Data extracts
━━━━━━━━━━━━━━━━━━━━━━━━━━━━━━

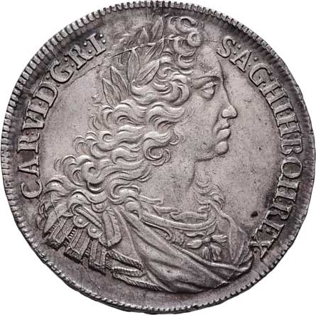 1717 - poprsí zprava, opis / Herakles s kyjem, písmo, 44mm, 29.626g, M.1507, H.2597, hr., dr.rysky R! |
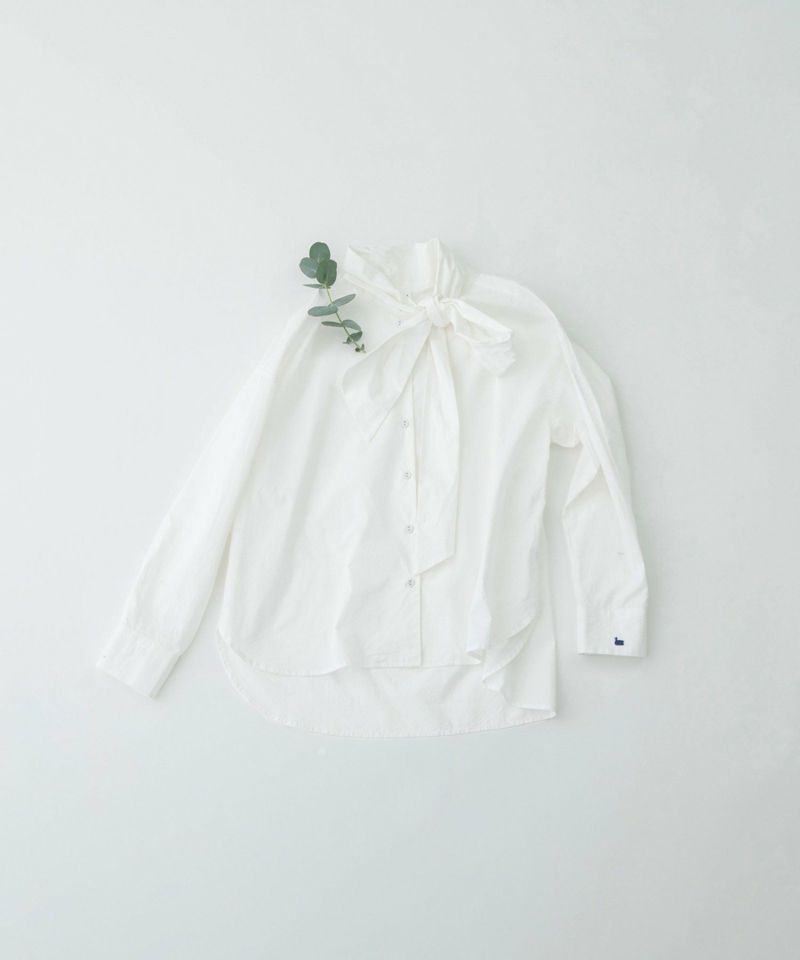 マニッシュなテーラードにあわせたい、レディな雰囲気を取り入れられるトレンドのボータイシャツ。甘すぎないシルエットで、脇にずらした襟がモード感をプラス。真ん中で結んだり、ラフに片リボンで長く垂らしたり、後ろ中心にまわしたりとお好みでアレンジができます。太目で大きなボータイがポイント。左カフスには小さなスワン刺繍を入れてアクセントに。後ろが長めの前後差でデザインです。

━━━━━━━━━━━━━━━━━━━━━━━━━━━━━━

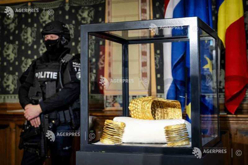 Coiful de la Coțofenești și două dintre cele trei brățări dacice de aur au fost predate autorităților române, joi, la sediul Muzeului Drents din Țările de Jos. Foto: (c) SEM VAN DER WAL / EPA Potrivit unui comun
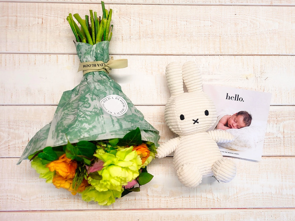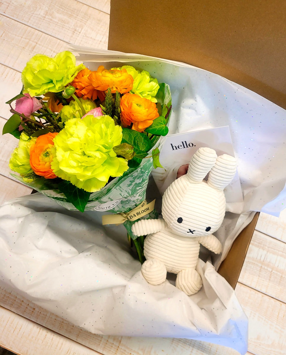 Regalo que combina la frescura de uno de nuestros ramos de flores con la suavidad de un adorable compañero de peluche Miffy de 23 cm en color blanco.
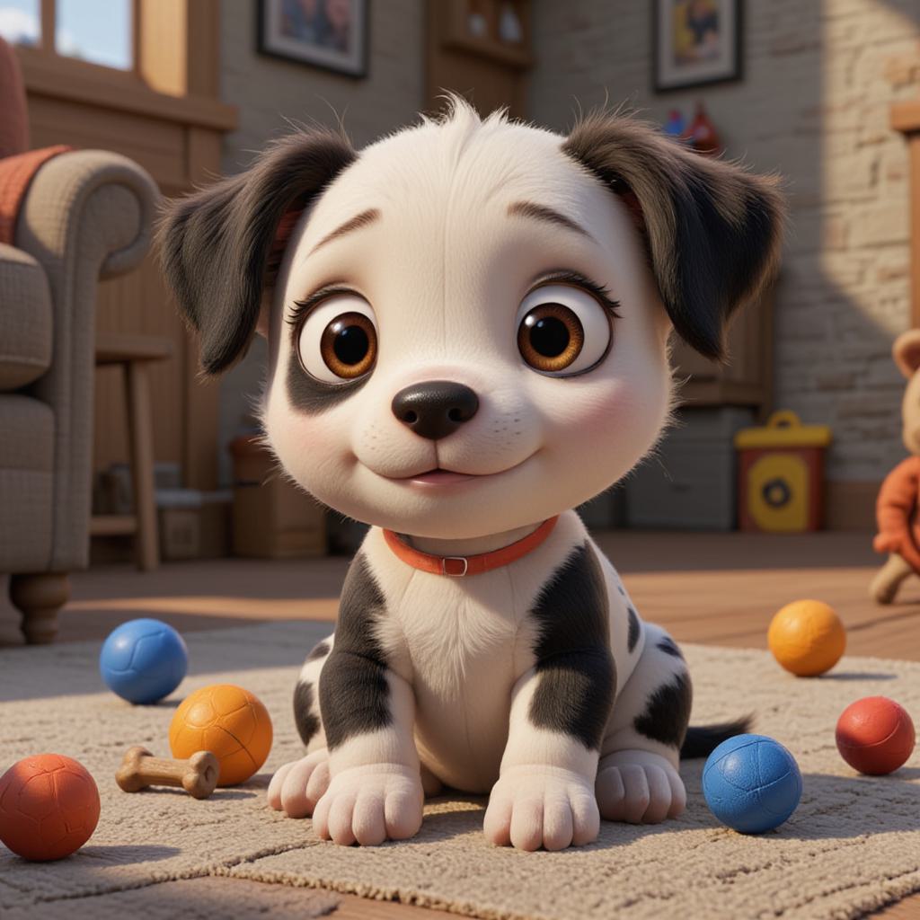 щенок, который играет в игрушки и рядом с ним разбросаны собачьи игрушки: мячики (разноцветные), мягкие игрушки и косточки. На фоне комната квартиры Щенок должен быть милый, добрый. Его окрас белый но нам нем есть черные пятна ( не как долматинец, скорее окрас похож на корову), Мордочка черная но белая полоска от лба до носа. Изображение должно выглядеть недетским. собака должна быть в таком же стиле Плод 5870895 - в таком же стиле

━━━━━━━━━━━━━━━━━━━━━━━━━━━━━━

Your task
Starting with the line that has "Coiful de la" and going on through the line that has "Regalo que combina", transcribe the records above exactly, but skip the pictures.

Solution
 Coiful de la Coțofenești și două dintre cele trei brățări dacice de aur au fost predate autorităților române, joi, la sediul Muzeului Drents din Țările de Jos. Foto: (c) SEM VAN DER WAL / EPA Potrivit unui comun
 Regalo que combina la frescura de uno de nuestros ramos de flores con la suavidad de un adorable compañero de peluche Miffy de 23 cm en color blanco.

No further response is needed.